Microsoft's researchers are working on a new method to train small language models that can outperform large language models in conversational tasks. The team has trained a 6-billion parameter model that can generate more engaging and diverse responses than GPT-4, a 175-billion parameter model from OpenAI that underpins the ChatGPT chatbot.
Microsoft's Phi-1 1.3B is a transformer-based language model that excels at coding tasks. It surpasses bigger models such as HumanEval, MBPP, and ChatGPT with its artificial intelligence. It learned from high-quality sources: The Stack and The StackOverflow datasets, which gave it “textbook quality” training data.
Using eight NVIDIA A1000 GPUs for four days, Phi-1 1.3B produced 13 billion tokens that matched or improved the standards of GPT-4 and GPT 3.5 classifiers. Phi-1 1.3B is not only more intelligent, but also more efficient, as it uses fewer parameters than its competitors.
Language models are systems that learn from large amounts of text data and can produce text for different purposes, such as chatbots, summarization, translation, and more. However, training large language models requires a lot of computing power and energy, which makes them hard to use and scale.
New Training Methods to Boost Accuracy
To solve this problem, Microsoft's researchers have developed a new way to train small language models that can achieve similar or better results than large ones in conversational tasks. The way involves using a technique called knowledge distillation, which teaches a small model from a large model. The researchers also use a new strategy called curriculum learning, which makes the training data harder for the small model over time.
The researchers have tested their method on two datasets of conversations and found that their 6-billion parameter model can produce better responses than ChatGPT and other models. They have also asked humans to compare the models and found that the 6-billion parameter model is better than ChatGPT in terms of how fluent, consistent, informative, and high-quality the responses are.
The researchers think that their method can help create more efficient and effective chatbots that can help users and developers. They also hope that their work can encourage more research on improving small language models for generating text.
Baidu Also Claims to Have Surpassed ChatGPT
Yesterday I reported on the latest release of Baidu's Ernie chatbot, which the company claims surpasses ChatGPT in several key areas. The new system, called Ernie 3.5, is based on Baidu's previous research on natural language understanding and generation. It uses a novel technique called “continual pre-training” to learn from large-scale conversational data and adapt to different domains and scenarios.

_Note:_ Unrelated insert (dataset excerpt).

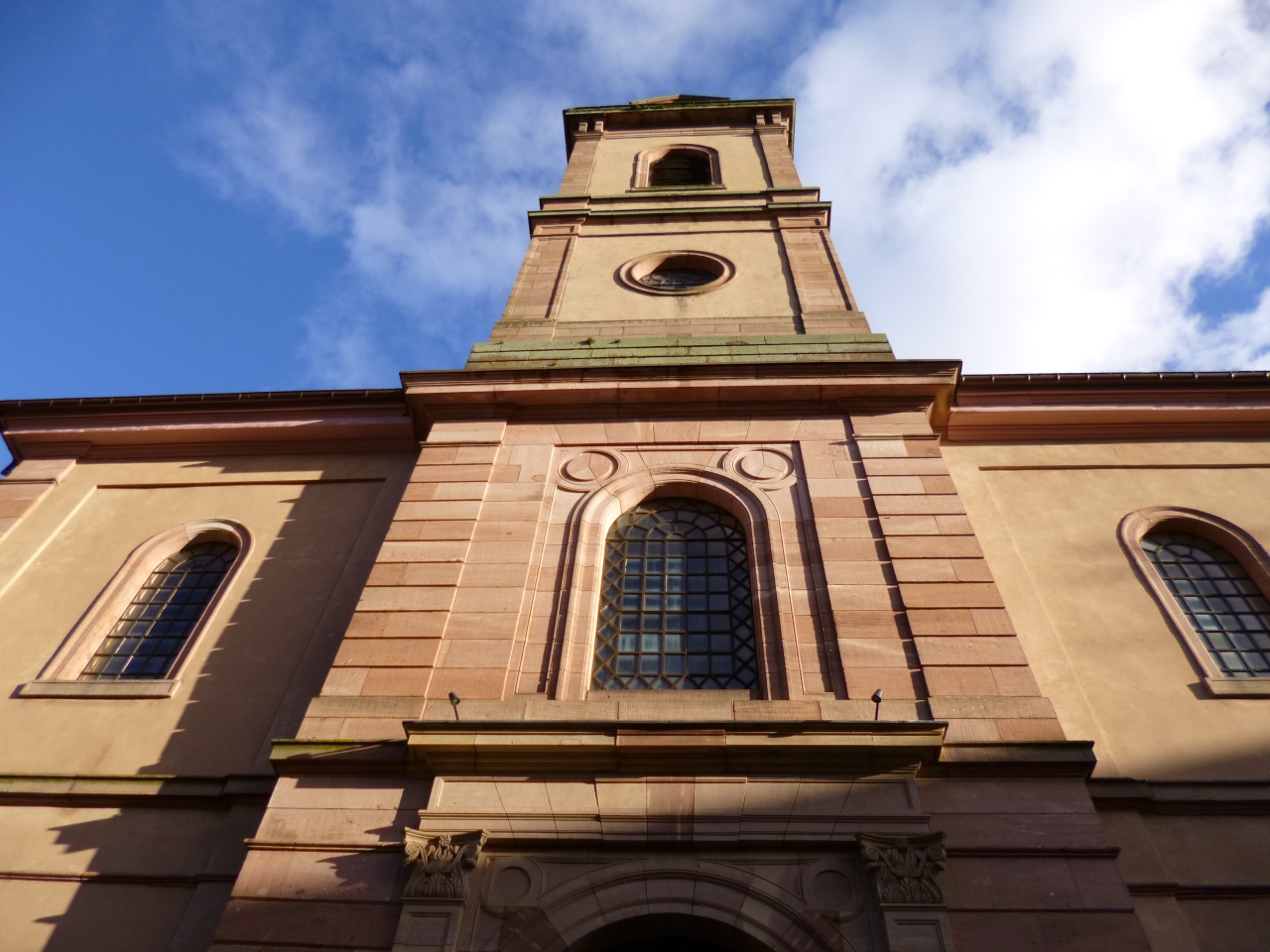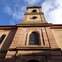 プロテスタント教会はメインストリート終点のドルダーの塔を正面に見て、右側にある教会。左側にカトリック教会がある。時計塔が高くすぐにわかった。中を見る事ができなかったのだが、外観からガラスはステンドグラスではなくシンプルなタイプだった。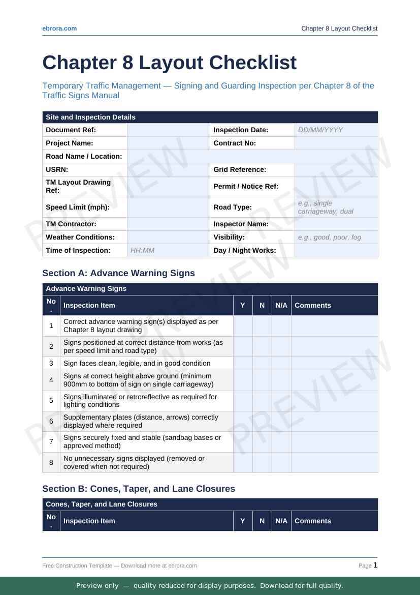 Free Word template: Chapter 8 Layout Checklist. Download for UK construction sites.

According to Baidu, Ernie 3.5 achieved better results than ChatGPT on several metrics, such as coherence, diversity and informativeness, in both Chinese and English. It also outperformed ChatGPT in human evaluations, where users rated the quality and fluency of the generated responses.
Baidu plans to release Ernie 3.5 as an open-source project and provide access to its pre-trained models and datasets. It also intends to integrate Ernie 3.5 into its own products and services, such as its smart speaker Xiaodu and its online education platform Zuoyebang.